« Sans naturellement méconnaître la nature des faits qui ont été reprochés aux policiers, ce jugement, dans la mesure où il condamne chacun des sept fonctionnaires à une peine de prison ferme, peut légitimement apparaître, aux yeux des forces de sécurité, comme disproportionné. Notre société ne doit pas se tromper de cible : ce sont les délinquants et les criminels qu’il faut mettre hors d’état de nuire. »
Ainsi s’exprime Brice Hortefeux, ministre de l’Intérieur, aussitôt rejoint par la totalité des élus UMP de Seine-Saint Denis : les sénateurs Philippe Dallier et Christian Demuynck ainsi que les députés Éric Raoult, Patrice Calméjance et Gérard Gaudron.
« Soutien et solidarité » avec les sept policiers condamnés, ont même ajouté les cinq parlementaires UMP. Que cinq élus et un ministre de l’Intérieur désavouent ouvertement une décision de Justice, voilà qui est assurément critiquable, et les voix n’ont pas manqué, d’Elisabeth Guigou à Martine Aubry, pour le critiquer. Elles ont cruellement manqué, en revanche, pour souligner que sur le fond, au-delà de cette question de principe, la déclaration ministérielle exprime, avec un cynisme et une décomplexion rarement atteintes, une conception de la police plus que critiquable.
Car de quoi parle-t-on ? D’une peine de six à douze mois de prison, pour des policiers qui, en produisant de manière délibérée et concertée un faux témoignage sur un accident causé en réalité par un des leurs, ont fait accuser un innocent et lui ont fait encourir la prison ferme à perpétuité – avec, au passage, un tabassage en règle pendant la garde à vue [1].
Quelques mois de prison pour avoir tenté de faire emprisonner à vie un innocent : nous sommes encore loin d’une impitoyable Loi du Talion, assez loin même de la peine maximale prévue par la loi pour un « faux en écriture publique commis par une personne dépositaire de l’autorité agissant dans l’exercice de ses fonctions » (quinze ans de réclusion criminelle et 225 000 € d’amende [2]), et c’est pourtant dans ces quelques mois de prison que le ministre de l’Intérieur voit une sévérité « disproportionnée ».

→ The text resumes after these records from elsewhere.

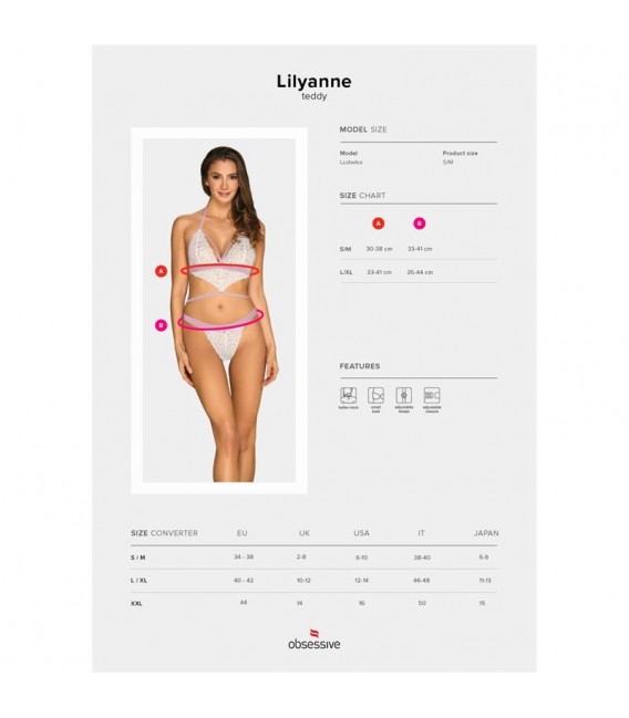 ¡Siéntete segura y sexy con este provocativo body de Lilyanne! Este body cuenta con líneas divertidas, hermoso encaje en color blanco y detalles llamativos. El material elástico garantiza una gran comodidad de uso.
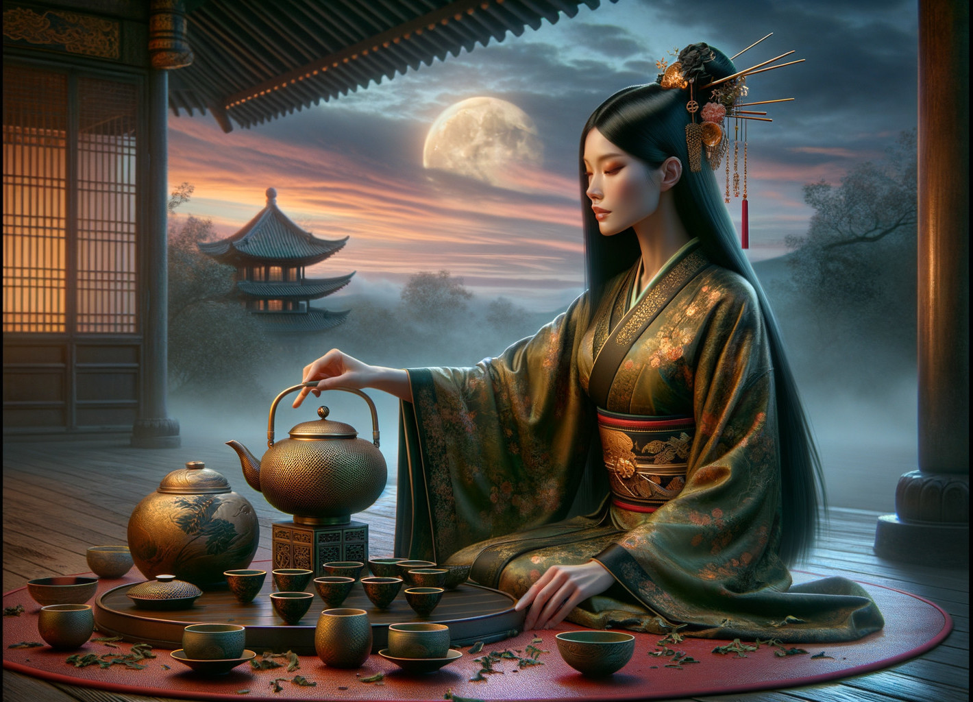 Moonlit Tea Ceremony in Misty Mountains
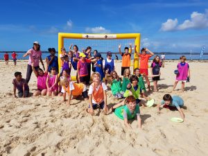 Une superbe sortie sur la plage Perreire d arcachon. 26 élèves de niveau 6ème et 5ème, licenciés à l association sportive, ont participé à la journée des benjamins en pratiquant l ultimate, et le sandball avec en prime une baignade dans l océan avec une météo au top.
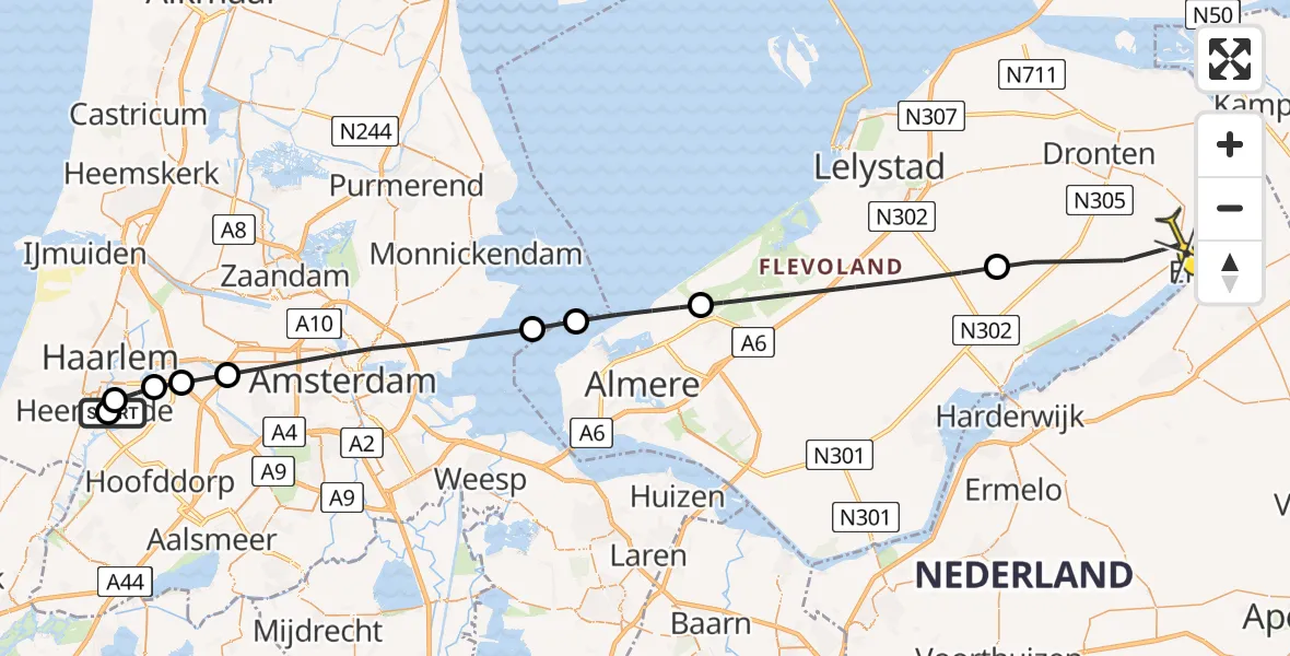 Op vrijdag 18 juli 2025 om 18:26 is er een Traumahelikopter vertrokken van Haarlem naar Dronten. Het gaat om de Traumahelikopter met registratienummer PH-TTR. De vlucht duurde 22 minuten. Het toestel heeft in die periode 81 kilometer afgelegd met een gemiddelde snelheid van 227 kilometer per uur op een maximale vlieghoogte van 297 meter.

C’est ce jugement qui, toujours selon le ministre, « se trompe de cible » puisque, selon ses mots toujours, « ce sont les délinquants et les criminels qu’il faut mettre hors d’état de nuire ». Ce qui revient à dire ceci : que les sept flics ripoux soutenus par les cinq élus pourris ne sont ni des criminels ni des délinquants. Ce qui revient à dire ceci : que tabasser, mentir, accuser à tort, faire emprisonner à vie un innocent n’est, lorsqu’on est policier, ni un crime ni un délit.
Voici donc en résumé à quelle réforme du vocabulaire nous sommes invités :
– un policier est par définition, donc quoiqu’il fasse, le contraire d’un délinquant ou d’un criminel ;
– il s’en suit qu’un jugement qui condamne un policier est par définition disproportionné et mal cadré [3].
Ce langage, la pensée qu’il véhicule, et la très réelle impunité policière qu’il vient soutenir [4], ni Martine Aubry ni Elisabeth Guigou ne s’en inquiètent – Elisabeth Guigou va au contraire jusqu’à « comprendre l’émotion » des policiers qui ont manifesté pendant trois heures devant le Palais de Justice.
La responsable socialiste s’oppose en somme au ministre Hortefeux, mais dans sa langue. Elle aussi réforme le vocabulaire, en faisant d’une action politique particulièrement radicale (manifester en uniforme devant un tribunal) une simple « émotion », et en décrétant « compréhensible » un corporatisme particulièrement détestable (puisqu’il va jusqu’à soutenir collectivement, publiquement, syndicalement, les pires ripoux).
Dans une autre langue, je conclurai en disant que c’est bel et bien un comportement criminel qui a été sanctionné, et que le ministre, les parlementaires et les syndicats qui s’en offusquent se posent donc en complices – ce que fait aussi, à un degré moindre, l’opposante socialiste qui critique les uns mais comprend les autres.